Recorded information:
------------------------------

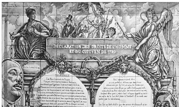
Илл. 3. С. Джеймс. Фреска, посвященная Декларации прав человека и гражданина в г. Севре

Изображения скрижалей в монументальном искусстве являются достаточно редкими, тем не менее они встречаются.
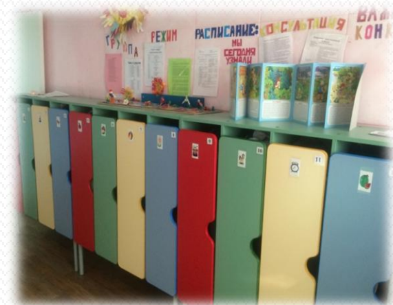
в 2019 году закуплены шкафчики для одежды и кровати

С 2016 года реализуется муниципальная программа по созданию образовательной, безопасной и развивающей среды в дошкольных учреждениях Кимрского района
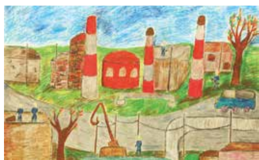
«Рабочие будни». Анастасия САМОХВАЛОВА, 14 лет, г. Оренбург
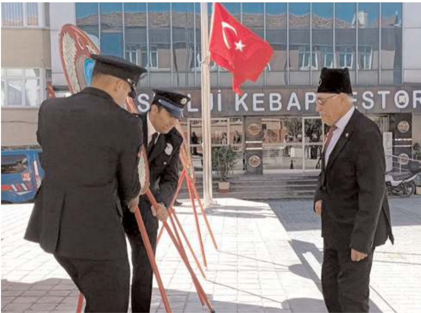
Gaziler Atatürk Anıtı'na çelenk sundular.
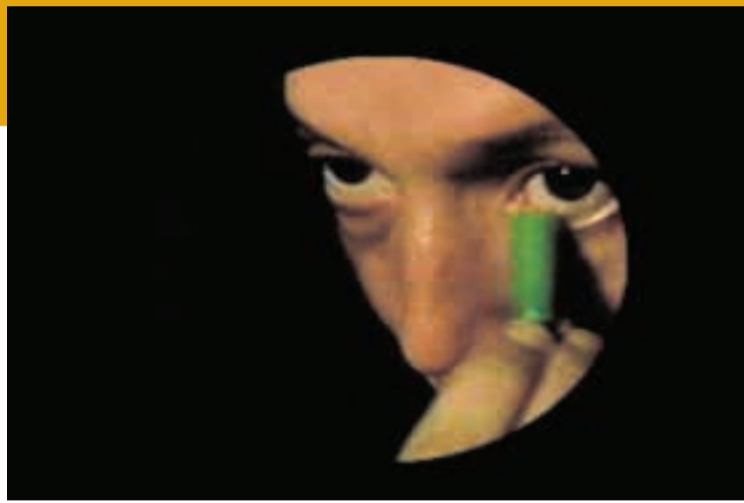
Ximena Cuevas El diablo en la piel, 1998 Single channel video 5:00 min, color, sound Daros-Latinamerica Collection, Zürich Photo: Zoé Tempest, Zürich © the artist

------------------------------

What is expected:
Leave out the pictures, and retype exactly the lines from the one containing "в 2019 году" through the final line of the data.

Response to this exercise:
в 2019 году закуплены шкафчики для одежды и кровати

С 2016 года реализуется муниципальная программа по созданию образовательной, безопасной и развивающей среды в дошкольных учреждениях Кимрского района
«Рабочие будни». Анастасия САМОХВАЛОВА, 14 лет, г. Оренбург
Gaziler Atatürk Anıtı'na çelenk sundular.
Ximena Cuevas El diablo en la piel, 1998 Single channel video 5:00 min, color, sound Daros-Latinamerica Collection, Zürich Photo: Zoé Tempest, Zürich © the artist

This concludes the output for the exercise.